→ Task to carry out: Please print the listing that follows word for word, but skip any pictures it holds.

→ Exercise data:
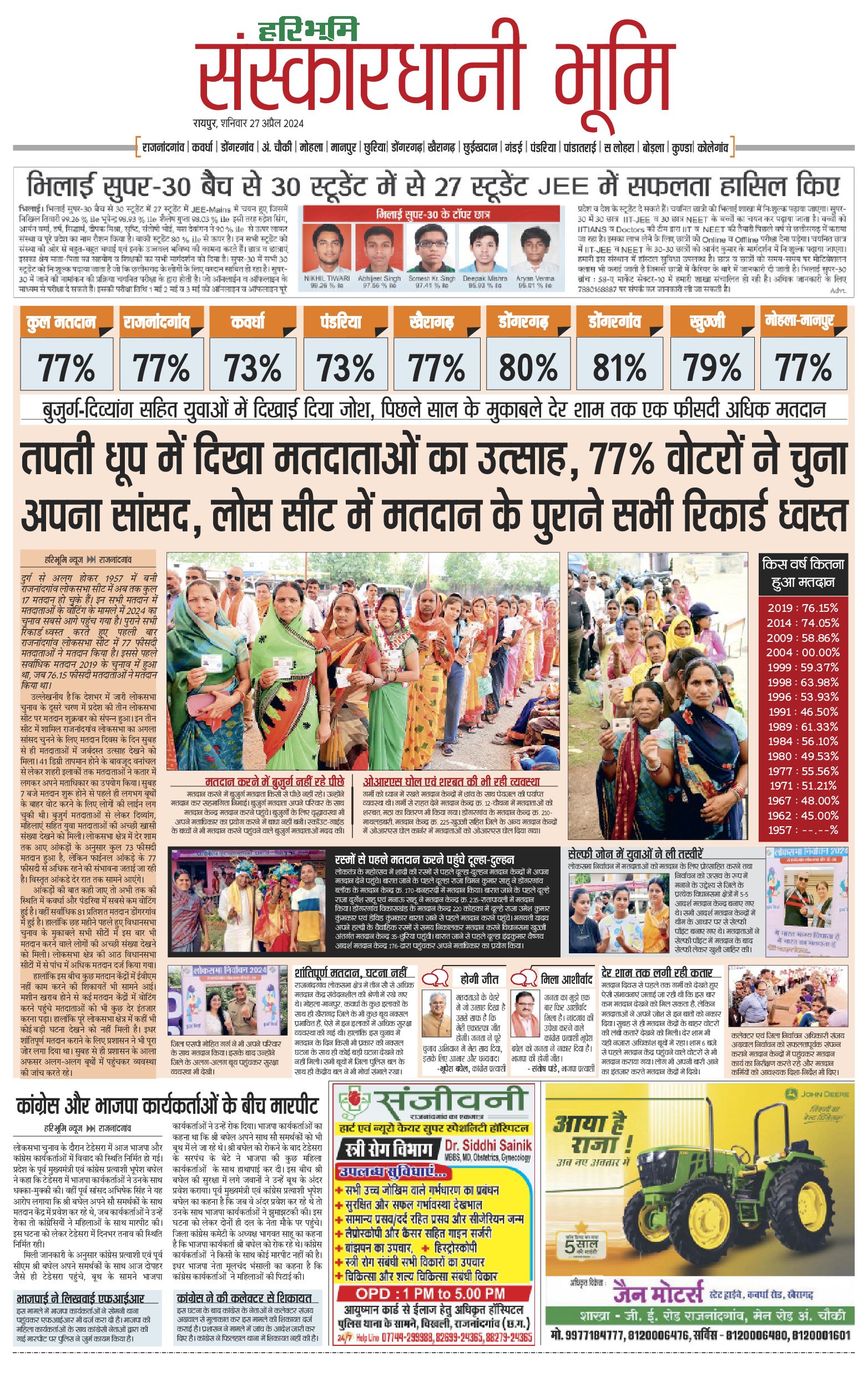संस्कारधानी भूमि - 27 Apr 2024 - - Page 1
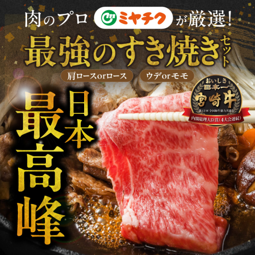 宮崎で生まれ、宮崎で育ち、指定された父牛を持つ黒毛和牛で5等級・4等級のものだけに『宮崎牛』の称号が与えられます。 甘く芳醇な香りと肉汁が口いっぱいにひろがり、とろける霜降りの旨味が特徴です。 ~宮崎牛で食卓を華やかに~ 肩ロース又はローススライスは、きめが細かく柔らかな部位で、鮮やかな霜降りが美しく、甘みの強い脂とコクのある風味が楽しめます。 宮崎牛ウデ又はモモスライス用もご一緒にお届けします。 生産者の愛情が詰まった宮崎牛を是非ご堪能ください。 都城市より至福の味をお届けします。
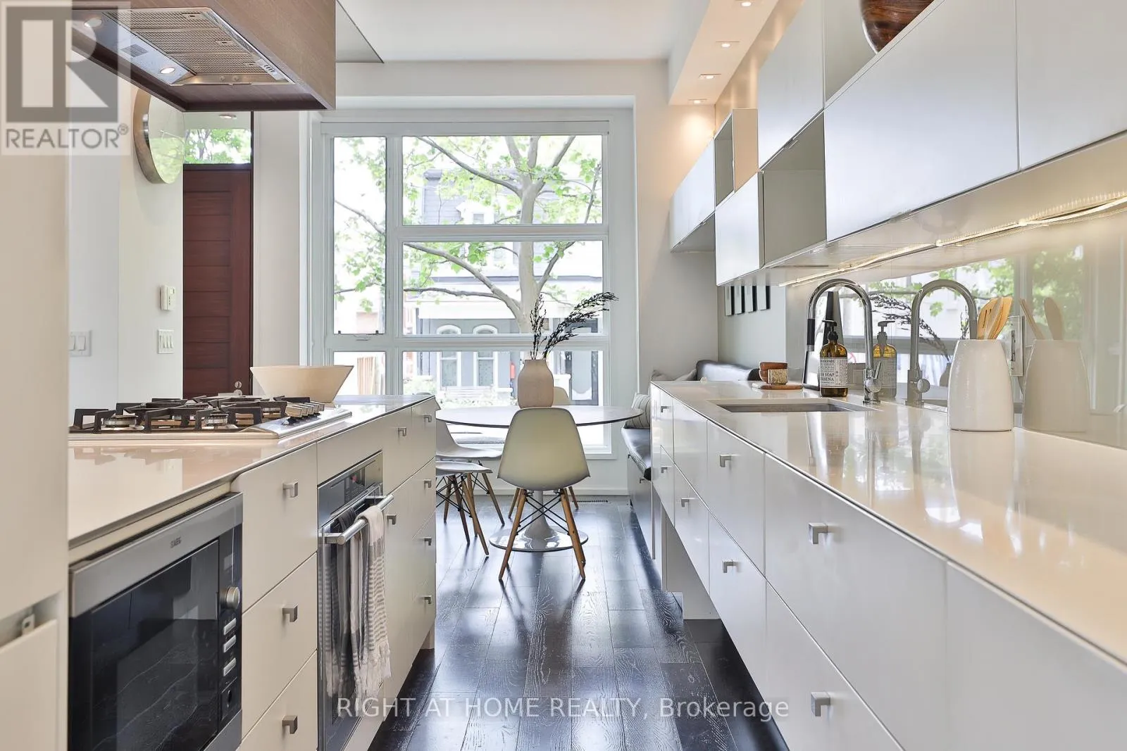 Upstairs, you'll find three bedrooms including a remarkable full-floor primary suite with walk-in closet, spa-like ensuite with soaker tub, and a private terrace with quiet views over Trinity Bellwoods. 2nd floor laundry for added convenience. The lower level offers a flexible family room / den / home office, powder room, and direct access to a secure and oversized underground garage. A rare end home in a thoughtfully designed community, just moments to College, Dundas West, Queen West and the park. (id:27476)
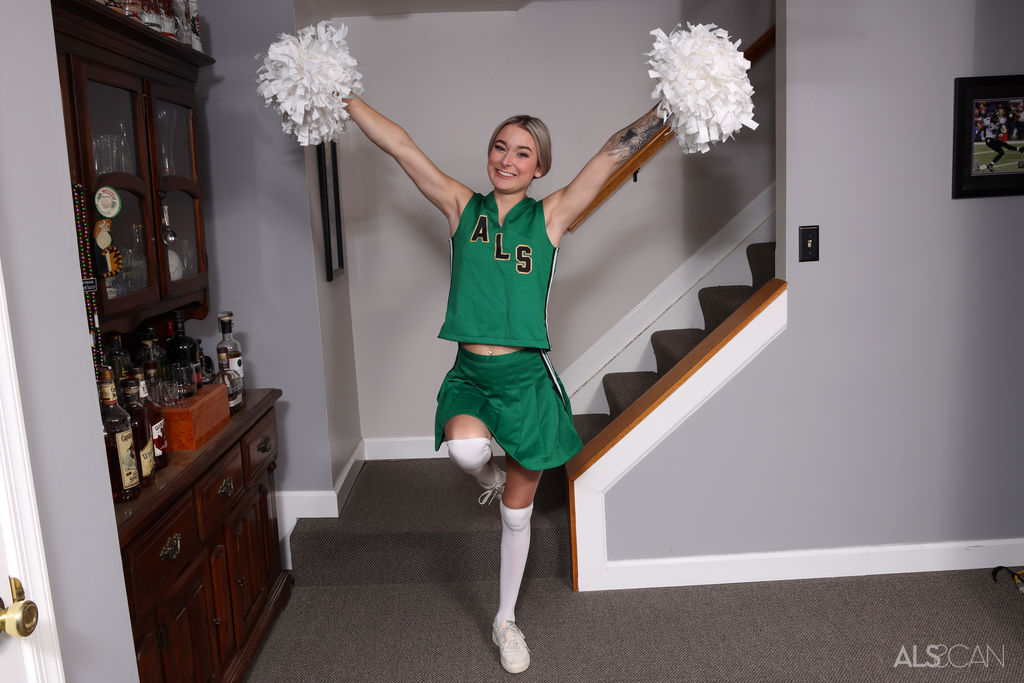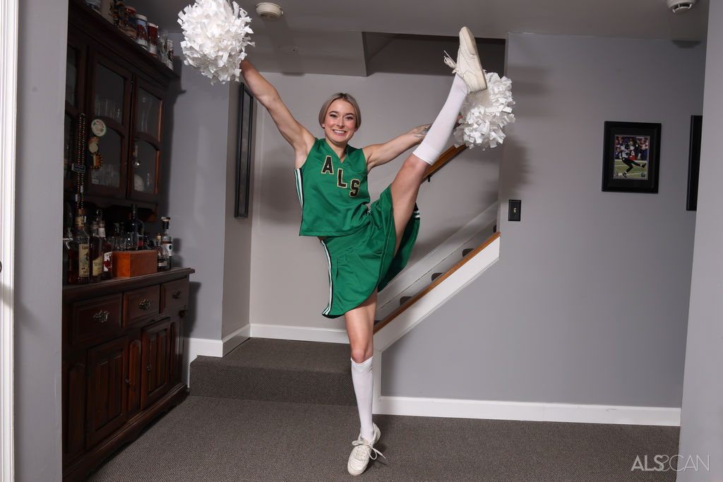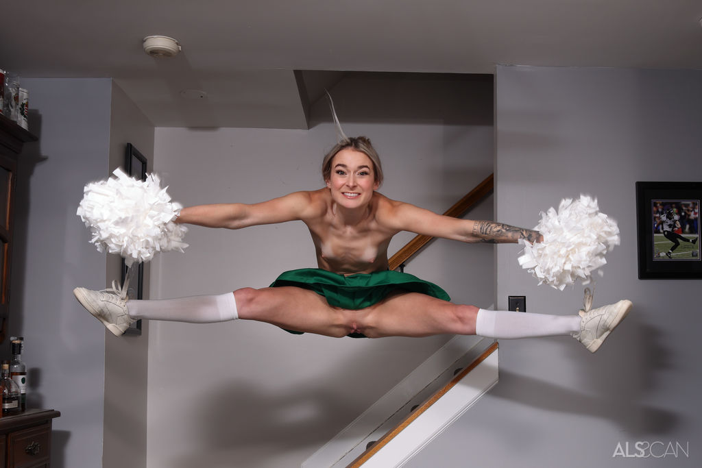 Flat-chested blonde cheerleader spreading and toying her shaved pussy from

→ Result of this exercise:
संस्कारधानी भूमि - 27 Apr 2024 - - Page 1
 宮崎で生まれ、宮崎で育ち、指定された父牛を持つ黒毛和牛で5等級・4等級のものだけに『宮崎牛』の称号が与えられます。 甘く芳醇な香りと肉汁が口いっぱいにひろがり、とろける霜降りの旨味が特徴です。 ~宮崎牛で食卓を華やかに~ 肩ロース又はローススライスは、きめが細かく柔らかな部位で、鮮やかな霜降りが美しく、甘みの強い脂とコクのある風味が楽しめます。 宮崎牛ウデ又はモモスライス用もご一緒にお届けします。 生産者の愛情が詰まった宮崎牛を是非ご堪能ください。 都城市より至福の味をお届けします。
 Upstairs, you'll find three bedrooms including a remarkable full-floor primary suite with walk-in closet, spa-like ensuite with soaker tub, and a private terrace with quiet views over Trinity Bellwoods. 2nd floor laundry for added convenience. The lower level offers a flexible family room / den / home office, powder room, and direct access to a secure and oversized underground garage. A rare end home in a thoughtfully designed community, just moments to College, Dundas West, Queen West and the park. (id:27476)
 Flat-chested blonde cheerleader spreading and toying her shaved pussy from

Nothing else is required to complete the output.